Gris - Sep 12, 2018 4:19:04 pm PDT #25179 of 28197
Hey. New board.

I think Big Boned is the third or fourth in a series, msbelle. The conceit was definitely getting a bit stale by then, but the original, Size 12 is Not Fat, is among my favorite in that genre of light fun Meg Cabot fare.

I basically like everything Meg Cabot writes for both children or adults in exactly the way you described, but if you decide to dive in again I think Boy Next Door is probably my favorite. E-mail epistolary style, which isn't everybody's cup of tea, but it works for me.


msbelle - Sep 12, 2018 4:23:45 pm PDT #25180 of 28197
I remember the crazy days. 500 posts an hour. Nubmer! Natgbsb

thanks.


Atropa - Oct 02, 2018 6:02:43 pm PDT #25181 of 28197
The artist formerly associated with cupcakes.
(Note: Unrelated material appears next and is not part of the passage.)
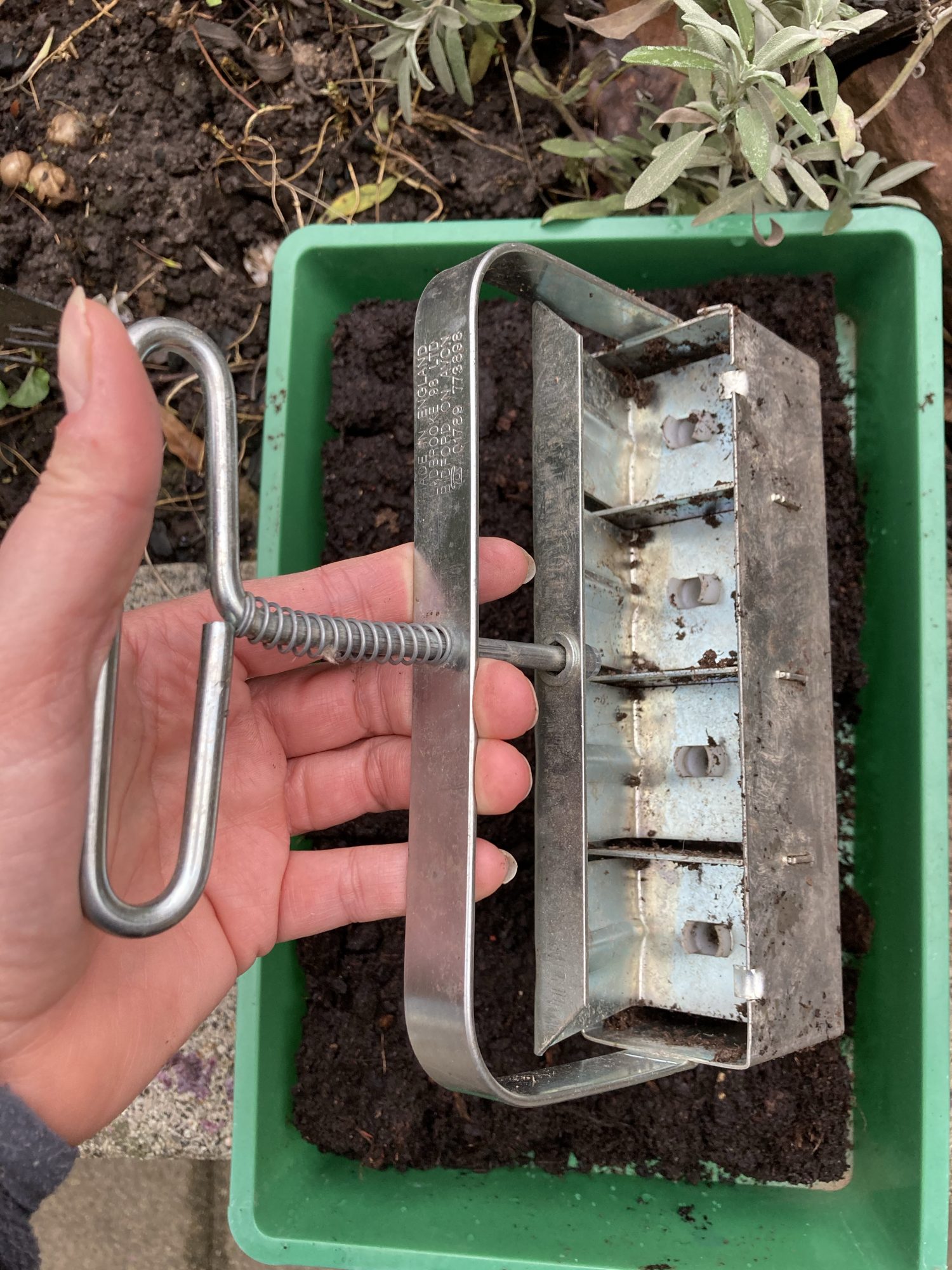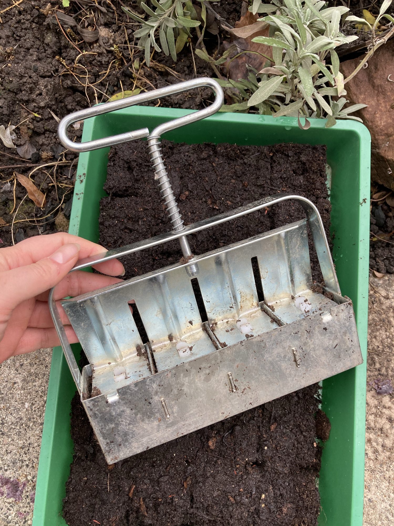 Für die Aussaat im Januar eignen sich Erdballen. Mittels einer speziellen Presse werden gleichzeitig 4 Würfel aus gepresster Aussaaterde erstellt. Die Erdballen haben eine Vertiefung von rund 1 cm. Es reicht, wenn heute pro Erdballen nur ein Samen gesät wird. Kohl geht sehr zuverlässig auf. Den einen oder anderen Würfel ohne Pflänzchen kann man da verschmerzen. Alle Erdballen kommen in eine Anzuchtkiste mit durchsichtiger Haube.

I (once again) read through the new Anne Rice book in one day. And was ready to flip every table in the world over a plot line, but she fixed it. This means I don't have to sulk in a nest of grief made from my velvet frock coats.


Calli - Oct 08, 2018 4:09:23 am PDT #25182 of 28197
I must obey the inscrutable exhortations of my soul—Calvin and Hobbs

I just finished The Essex Serpent, by Sarah Perry, and I really enjoyed it. The prose was beautiful, and I enjoyed the character development.


msbelle - Oct 11, 2018 3:49:54 pm PDT #25183 of 28197
I remember the crazy days. 500 posts an hour. Nubmer! Natgbsb

Posting in here and in literary. I volunteer at my local library putting out donated books and discarded library books for sale. We are kinda over run with juvie and teen books and so if anyone has favorite authors and will cover 50cent pb or $1 hc, I am happy to look through and send you all you want. Also if anyone just in general has a book or books they are looking for, I am happy to keep and eye out.


sj - Oct 12, 2018 8:42:37 am PDT #25184 of 28197
"There are few hours in life more agreeable than the hour dedicated to the ceremony known as afternoon tea."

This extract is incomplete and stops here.